• ACTION ITEM
Please, without any pictures, set down exactly the part of the listing below that opens with the line containing "- Патио – комната, стенами" and closes with the line containing "Puce d’oreille Just".

• ENTRIES SUPPLIED
---------------

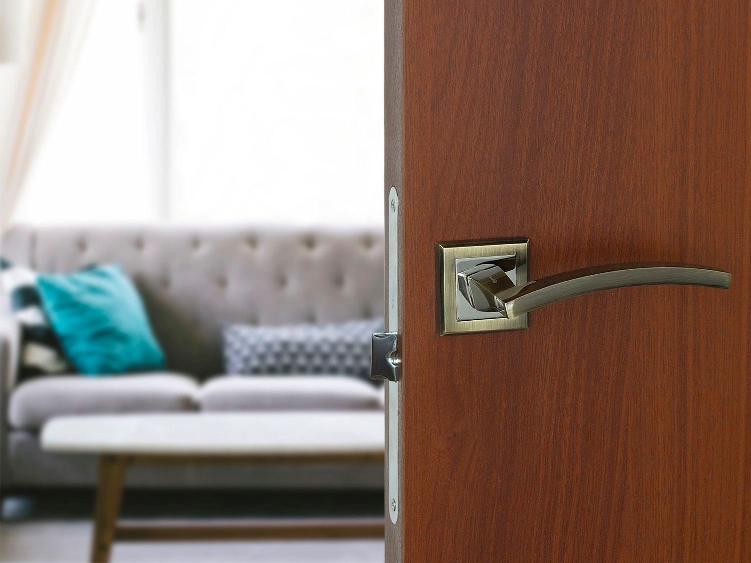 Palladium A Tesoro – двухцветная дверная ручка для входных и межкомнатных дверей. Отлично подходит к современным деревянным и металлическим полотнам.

---------------

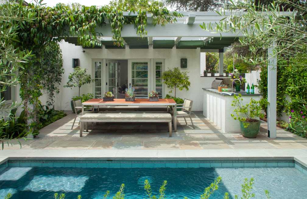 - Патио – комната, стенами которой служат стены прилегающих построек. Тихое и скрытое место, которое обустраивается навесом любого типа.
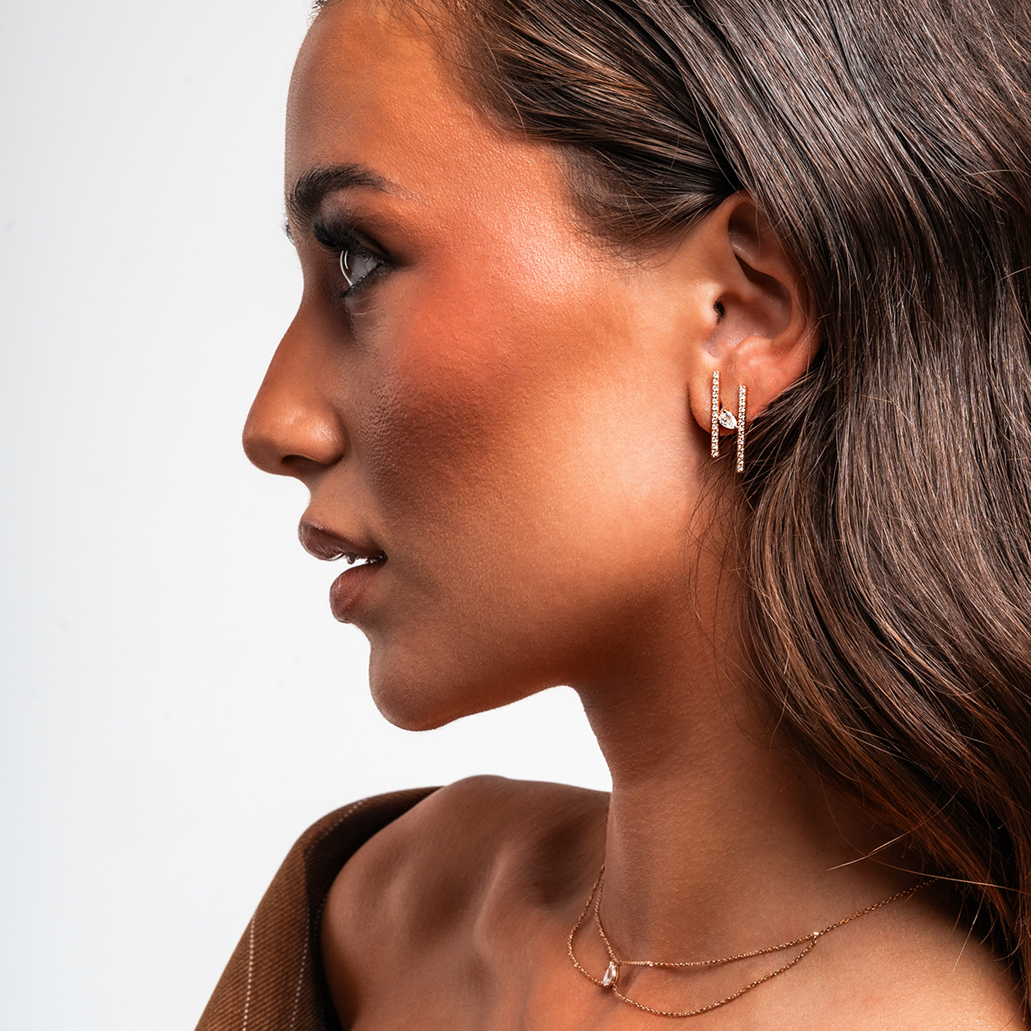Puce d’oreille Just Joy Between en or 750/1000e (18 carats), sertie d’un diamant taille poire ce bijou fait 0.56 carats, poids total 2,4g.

---------------

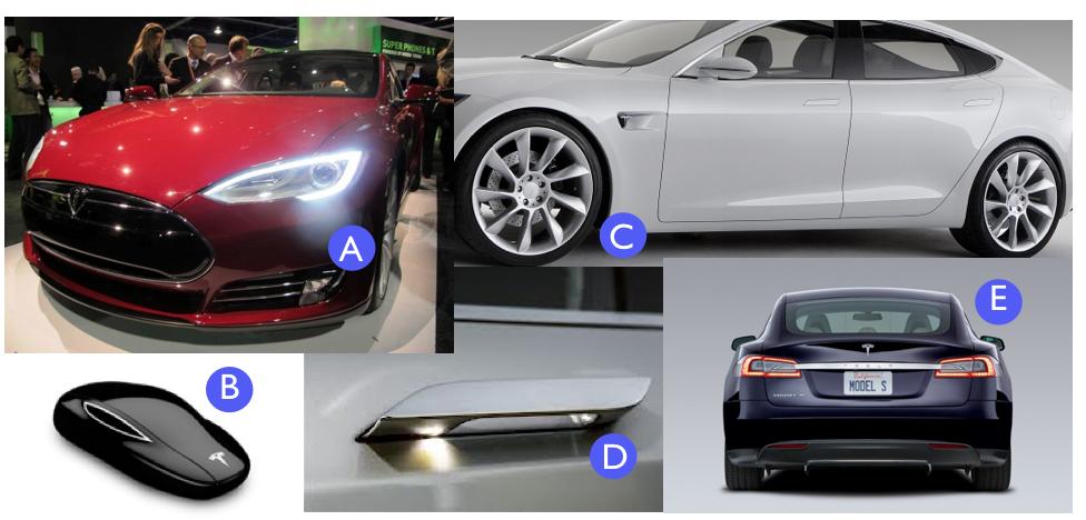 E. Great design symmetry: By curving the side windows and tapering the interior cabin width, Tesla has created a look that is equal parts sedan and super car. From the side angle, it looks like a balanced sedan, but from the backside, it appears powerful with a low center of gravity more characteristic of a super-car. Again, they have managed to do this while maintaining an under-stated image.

---------------

• WRITTEN RESPONSE
 - Патио – комната, стенами которой служат стены прилегающих построек. Тихое и скрытое место, которое обустраивается навесом любого типа.
Puce d’oreille Just Joy Between en or 750/1000e (18 carats), sertie d’un diamant taille poire ce bijou fait 0.56 carats, poids total 2,4g.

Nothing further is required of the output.